Everyone says that. But where I grew up the rain was as regular as breathing and the roofs were made of corrugated iron. Rain on the roof was the sound of being safe and sound.
It rained on Sunday night. Wewere not safe. We were definitely not sound. In the seventh week, we were feral and untethered. I lay awake at 1am, 2am and 3am, thinking about how incoherent we had all become.
Nothing made sense. In the Auckland Domain, placard wavers exercised the right to ignore their fellow man, woman and newborn baby. On my community Facebook page, a woman was giving away word art. Smile-Laugh-Dream. She wrote: "The 'laugh' has been mended in the middle." I wondered when she found the energy? Probably not last Wednesday, when 45 new community cases of Covid were announced, or on Sunday, when we learned the virus was now in Hamilton East and Raglan, or yesterday, when it entered a neonatal intensive care unit.
In the movies, the vulnerable sleep in safety circles. There is a campfire in the middle and a nightwatch guards the perimeter. Even so, the enemy surrounds you by stealth. You can't see Covid, but you can see when it has shopped in your suburb. Any minute, it will claw its way through my tent or buy broccoli from my local Fruit & Veg. Our fortress is so fragile.
Fifteen years ago, when I was weighing up whether to leave the South Island, I used to worry: "What if something happened? What if I could never get back?" It did not occur to me that, one day, even Hamilton would be off-limits - and that the reason for this might be the selfish, slow stupidity of people who won't roll up their sleeves and get the job done.
At 3am, I pushed my face against the digital windows of other people's lives. On Twitter, a woman had been looking for a takeaway option that could be delivered to three different suburbs in Auckland so she and her socially distanced children could share the same meal over Zoom. On Reddit, a landlord had wondered, should residential rents be increased due to the number of tenants working from home? On an international news website, it was reported "the Moon is leaving us" and for a brief second I wondered whether there was room for anyone else.
In Christchurch, post-earthquake, the city bought a large, multi-coloured, neon work by the artist Martin Creed. It read "Everything is going to be Alright." Psychologists have been called on recently to explain our pandemic state of mind. One pointed me to an American professor of clinical psychology who says we're more resilient than we think. According to George A. Bonanno, two-thirds of people who experience traumatic, life-changing events, will eventually return to their pre-event state of mental health.
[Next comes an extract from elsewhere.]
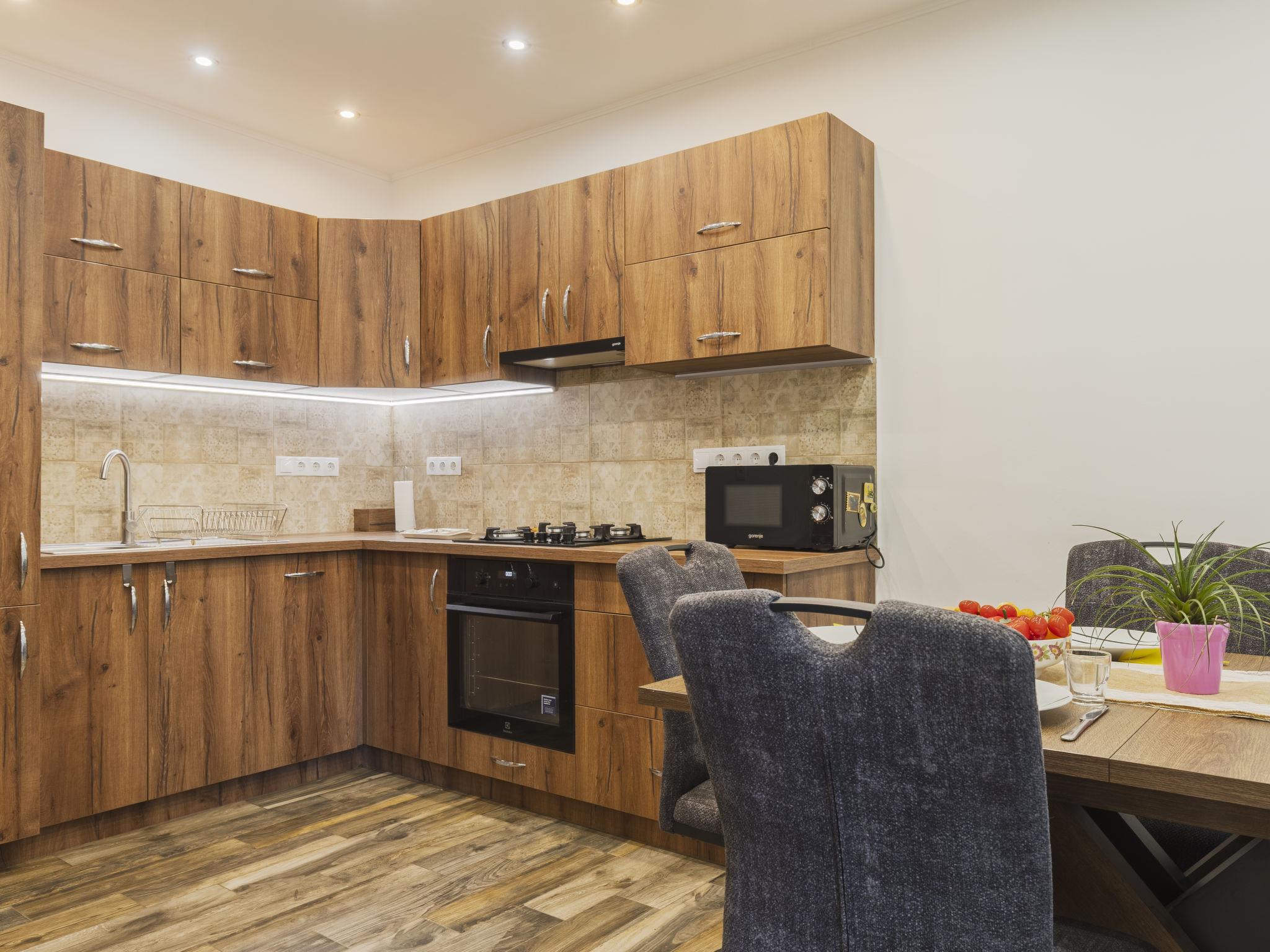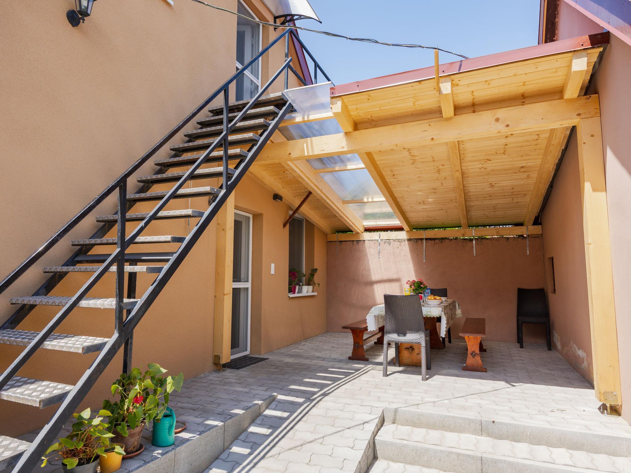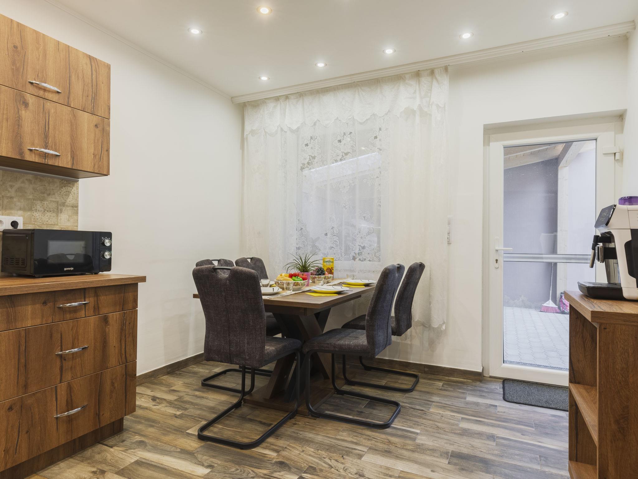 "Dalma", 4-room apartment on the ground floor. Spacious and bright, comfortable and cosy furnishings: living room with digital TV. Exit to the garden. 1 large double bedroom with 1 french bed (160 cm, length 200 cm), air conditioning. 2 large double bedrooms, each room with 1 french bed (160 cm, length 200 cm). Kitchen (oven, dishwasher, Gas stove, 4 gas rings, toaster, kettle, microwave, freezer, electric coffee machine) with dining table. Exit to the terrace. Bath/WC, sep. WC. No heating option. Facilities: mosquito net, children's high chair, baby cot (extra). Internet (WiFi).

Auckland also has one of those large, multi-coloured, neon artworks. Ours reads: "Whatever."
It has been seven weeks in this winter-to-spring waiting room where I went full Little House on the Suburban Prairie. The fennel I planted in August is fat. The quilt I started the first weekend is finished. There are two Christmas cakes marinating in the hall cupboard and one automatic payment to a charity has been increased because we might all be in this together but we have never experienced it equally.
Yesterday, in the city where many of us live but not so many of us are from, the mood was liminal. We were filling in time, pretending to work and watching the clock. It is a strange thing, in this small and familiar country, to wait for the Government to give us a roadmap "home" but there we were, listening for the directions back to our friends, whānau and a haircut.
The Prime Minister took the podium and outlined Auckland's three-step transition out of alert level 3. It begins at 11.59pm tonight when no more than 10 people, from no more than two households, will be allowed to socialise outdoors. Fire up the barbecue. Haircuts are still on hold, but tomorrow we eat lamb chops with our loved ones. I hope it doesn't rain.